Now sure, many doctors WILL use the word "fact" as a short-hand used when communicating with patients, since most people are suckers for falling for the claims of some scammer who professes to KNOW an absolute when they don't, vs someone who couches the honest and truthful answer with room for uncertainties (where NO absolutes exist, with TOTAL certainty). So people usually fall victim to the former's braggadocios claim of certainty.
That false certainty is depicted in Eric Hovind's approach to debating Thunderfoot, where Eric tries to exploit a scientist's honest disclosure of their lack of ABSOLUTE certainty, in order to conclude that believing in God is BETTER, that he KNOWS God exists:
http://www.youtube.com/watch?v=hGjaEMP8ACU
(there's a full video on the encounter on Thunderfoot's YouTube page, if you're a masochist for torture.)
IMO, Thunderfoot gets a bit too esoteric for Eric (who's clearly never taken a philosophy course before, or at least didn't learn anything), as Thunderfoot fails to connect on his level by not explaining in terms Eric can grasp. Eric wants to engage in pseudo-intellectual babble in a futile effort to prove God exists, where he asks Thunderfoot a series of silly malformed questions designed only to make him look weak on camera to believers, based on his dubious claim of possessing ABSOLUTE knowledge handed down from God. Instead, Eric only looks the fool who cannot grasp the basic difference between 'assumptions' and 'knowledge' claims. Thunderfoot runs a 'retard count' on his same footage, which only makes him appear as arrogant and childish, IMO.)

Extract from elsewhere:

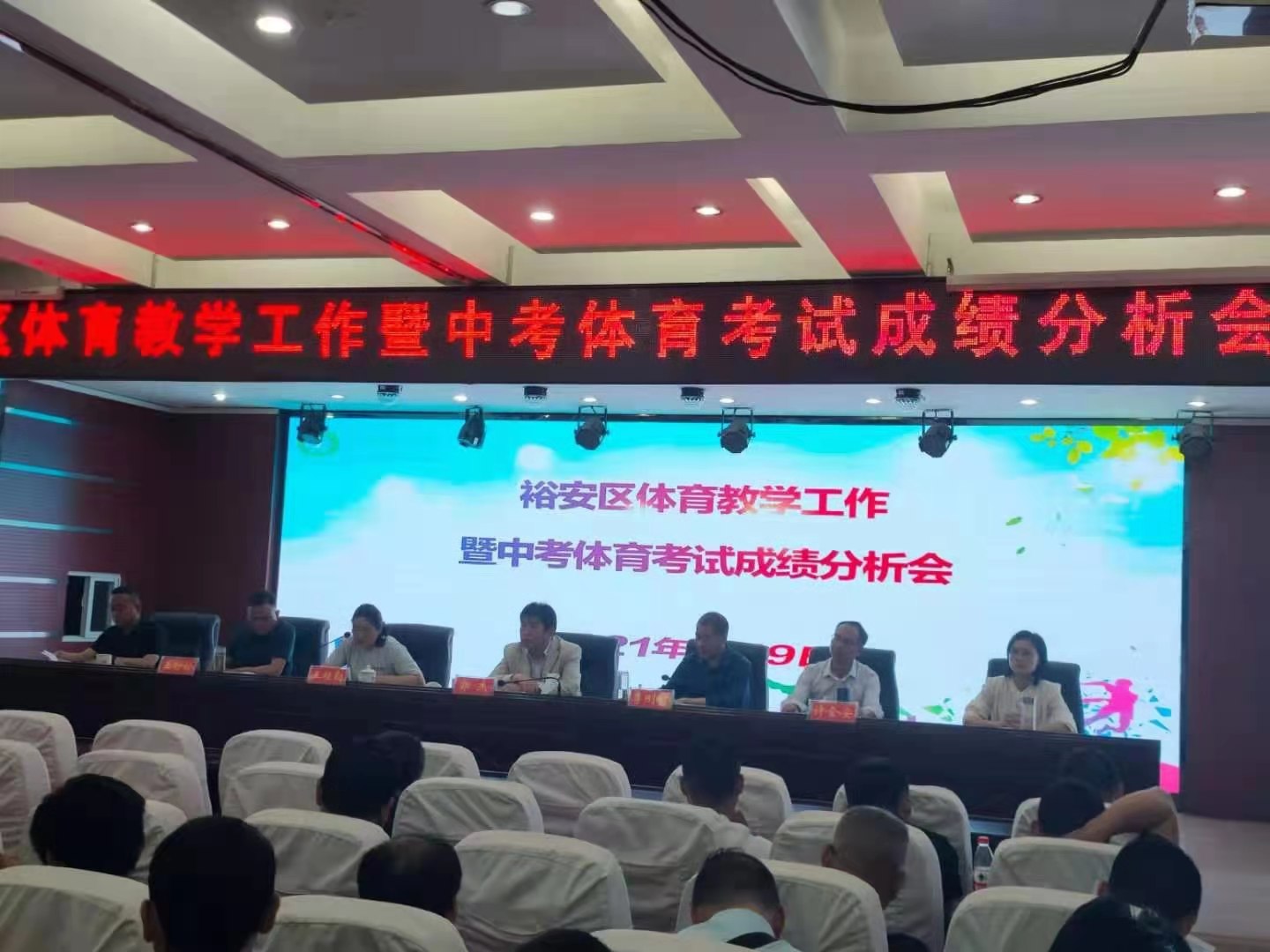 5月9日上午,裕安区体育教学工作暨2021年中考体育考试成绩分析会在六安九中学术报告厅举行。区委教育工委副书记、区教体局副局长郭杰,区委教育工委委员、区教体局副局长李刚祥、王桂勤,区教研室主任许全安,基教股股长王劲松,区教研室体育教研员朱增文,六安九中李艳校长出席会议。全区各中心学校、乡镇初中、区直属学校分管教学领导及各初中八、九年级体育教师参加了会议。会议由李刚祥副局长主持。

Creationists seemingly doesn't understand the language of science is STATISTICAL ANALYSIS, a method that determines only the LIKELIHOOD of a claim based on PROBABILITIES (where p=1 is almost NEVER achieved, except by randomness). Instead of waiting for absolutes, the certainty required to act on a claim is gauged by relying on 'confidence intervals', a calculation that determines the PROBABILITY of an outcome being not just due to random chance, but how tightly the outcome is correlated with the proposed cause. It's WHY scientists run 'best-fit' calculations to interpret the data, not looking for ABSOLUTE certainty, but the best-fitting model that explains the observations.
Underneath all of that remains a HUGE asterisk of making no claim to certainty, a YMMV statement, and is overlooked by many non-scientists (or those who seek to turn science into a religion, which it most defininitely is NOT).